A mild tit-for-tat battle of letters to the editor took place recently on the pages of The Augusta Chronicle, with a former rural volunteer firefighter complaining about the county's current fire service, and the county's emergency services director defending their progress.
This squabble doesn't even need a referee. Hands down, the county's current fire service is a vast improvement over the previous status - and more improvements are coming.
Let's recap exactly where all this started. Just three years ago, Columbia County fire service was provided by a hodgepodge of professional and volunteer departments in Grovetown, Harlem and Martinez, and by volunteers in Appling, Leah and Winfield.
Except for the two cities' tax-supported departments, fire services were financed by unreliable, voluntarily paid fire subscription fees. The oldest and largest, Martinez Fire Department, collected enough revenue from its subscribers to thrive. But many residents in the zones of the smaller departments didn't pay at all. That created a vicious cycle: Fewer subscribers paying meant the departments couldn't improve, and lack of improvement failed to attract more paying subscribers.
The county's growth threatened to send that cycle to a breaking point, but in December 2005 commissioners jumped ahead of the curve and implemented a fire tax on all residents, and then contracted with the volunteer services to provide fire protection.
It's politically risky for local officials to hit citizens with a new tax.

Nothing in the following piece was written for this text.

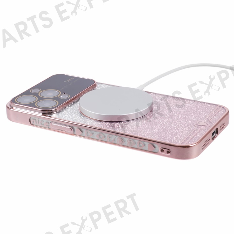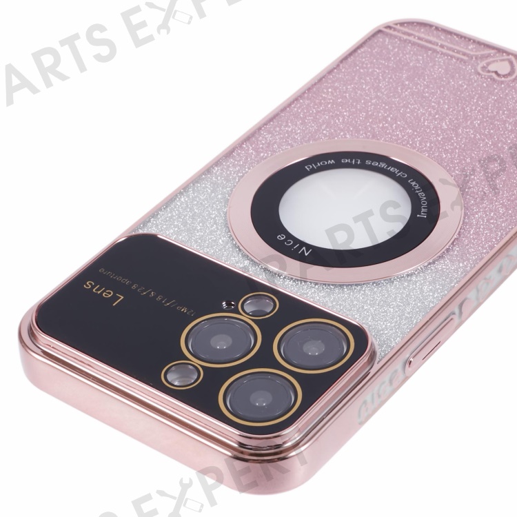 For iPhone 14 Pro Max Case Compatible with MagSafe Electroplated Edge TPU Phone Cover - Pink

But in this case, the risk has more than paid off: Rather than what in some cases was fewer than half of the residents paying a subscription fee, close to 100 percent of taxpayers now fund better fire protection for everyone.
The county further streamlined the program by awarding all of the unincorporated territory to the renamed Columbia-Martinez Fire Rescue. That effectively dismantled the smaller volunteer departments, but they have been able to more than recoup their investments. Selling trucks and equipment has allowed the former firefighters to pay off all of their debts, and to establish a substantial scholarship fund with the extra money.
The more-reliable revenue from the fire tax, along with sales taxes and funds from voter-approved bonds, has allowed the county to aggressively expand fire protection in the rural areas of the county - something the smaller departments simply would not have been able to do with unreliable subscription funding.
The missing link is fire insurance ratings, which should be the final boost from all of the considerable work and expenditures in improving Columbia County's fire protection. Emergency Services Director Pam Tucker points out that once the final pieces of the improved service are in place, the county will request an insurance audit for the rural areas. If the fire rating improves as expected, homeowners should save money by seeing a long-awaited drop in their fire insurance cost.
Has the transition always been smooth? Of course not. No change this big, and this fast, is going to be glitch-free. But this is one of the biggest improvements in Columbia County in decades - and it deserves celebration.